To generate white light using an LED, use is made of, inter alia, so-termed phosphor coated LEDs (PC-LED). Such a phosphor-coated LED is an LED which has a phosphor coating over its radiation surface. Phosphor is not to be understood specifically as the chemical element, but rather more generally as a fluorescent material which, under the effect of light radiation of a certain wavelength, emits light of another wavelength. There are fluorescent materials which radiate yellow light on irradiation by blue light. In agreement with the color of the emitted light, they are called yellow phosphor. By using such LEDs, white light is obtained by applying a yellow phosphor layer to an LED radiating blue light. Said phosphor layer is to be dimensioned such that a part of the blue light from the LED passes through the phosphor layer unhindered and another part of the phosphor layer is converted into yellow light. The simultaneous radiation of blue and yellow light is perceived as white light by the user. Alternatively, there are LED elements which radiate UV light and are coated with a white phosphor layer. By a suitable selection of the type and thickness of the phosphor layer, PC LEDs can be manufactured that radiate also other colors.
A light source device, comprising a light-guide block in the form of a hollow body with reflective inner walls and a matrix-like arrangement of point light sources such as LED elements, is known from U.S. Pat. No. 6,547,400 B1. A major portion of the light beams radiated by the point light sources is introduced into the guide block and collimated there. A considerable part of the light beams radiated by the point light sources is, however, not collected by the light guide block. This reduces the light output of the device considerably.
U.S. Pat. No. 6,402,347 describes a device, in which individual LED elements are arranged on a common plate and each element is provided with a collimating attachment. Fresnel lenses connected to each respective LED element allow the radiation beam from each individual LED to be introduced into a common secondary optical system. The disadvantage of this system is the high losses, amounting to about 60%, caused by reflection at the different optical interfaces.
It is an object of the invention, therefore, to provide a device by means of which the light output per LED can be raised.
This object is achieved by a proposed LED lamp system that has at least one LED element for emission of light, a chamber and a collimator. It is assumed hereinbelow that the LEDs are inorganic solid bodies, because such LEDs with sufficient intensity are presently available. That notwithstanding, they can of course also be other electro-luminescent elements, e.g. laser diodes or other light emitting semiconductor elements or organic LEDs, so long as they have sufficiently high performance values. The term LED or LED element is therefore to be understood in this document as a synonym for every kind of corresponding electro-luminescent elements. The light can be IR or UV light, apart from the visible light.

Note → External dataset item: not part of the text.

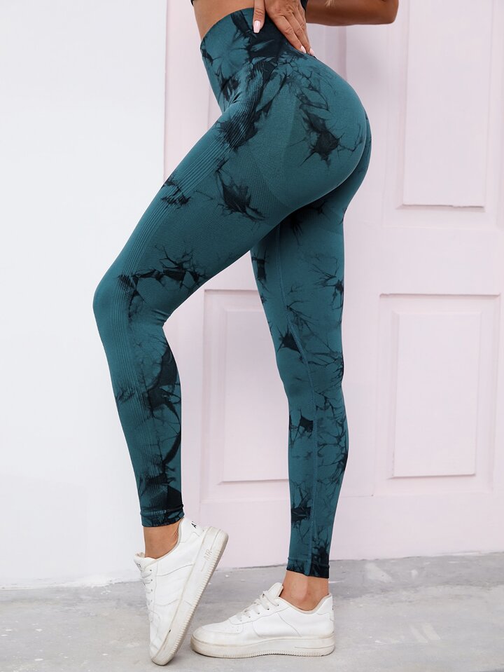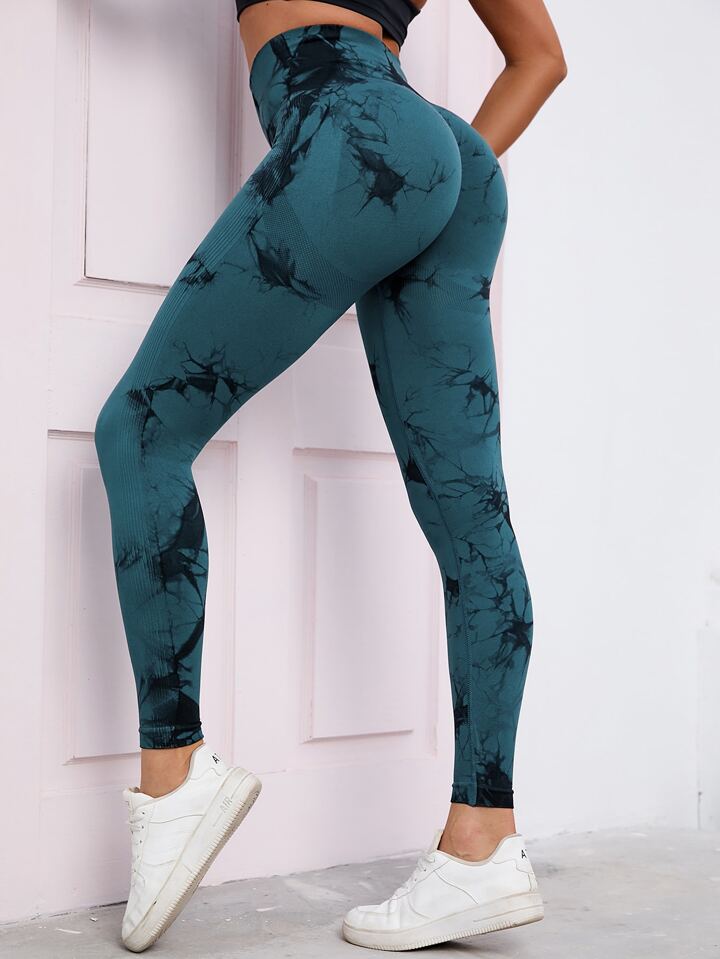 Tie-Dye Seamless Highly Elastic Sports Leggings Sport Studio High Waisted Seamless Slim Leggings For Women - Resilient Soft Touch Breathable 4-Way Stretch Legging For Running Cycling Yoga Pickleball Exercise Casual

The chamber of the LED lamp system according to the invention comprises inner side wall faces that are designed to be at least partially highly reflective, a light entrance face for the light emitted by the LED element into the chamber and an exit opening for the light radiated into the chamber and possibly reflected by the inner side wall faces. The collimator is arranged at the exit opening of the chamber and has an outcoupling opening facing said exit opening. The light radiated by the LED element is radiated in a diffused form into the chamber at the entrance opening. The invention thus follows the principle of capturing the light radiated by the LED element as completely as possible and introducing it in collimated form into the collimator, in order to couple the radiation into secondary optics in a properly directed manner by using the collimator. The chamber is thus used to capture the diffusely radiated light and to emit it at the exit opening substantially without loss. The exit opening of the chamber will therefore generally be placed facing the light entrance face so that a large portion of the emitted light can be radiated out of the chamber directly and without reflection.
The light entrance face of the chamber may be formed by a light emission surface, be it the exit face of the LED element or a layer of a fluorescent material, which is excited by light emission from an LED. According to an advantageous embodiment of the invention, the light entrance face of the chamber is formed by the radiation surface of an LED element. The light emitted by the LED element is thus coupled into the chamber directly and without losses. Obviously, the light entrance face of the chamber may also be formed by the radiation surfaces of a plurality of LED elements arranged next to each other.
Alternatively, it can also be advantageous however if the light entrance face of the chamber is spatially separated from an LED radiation surface. This is especially advantageous if a fluorescent material must be provided for generating a certain light color. Then the fluorescent material can form the light entrance face that is irradiated from its rear side facing away from the chamber by at least one LED element.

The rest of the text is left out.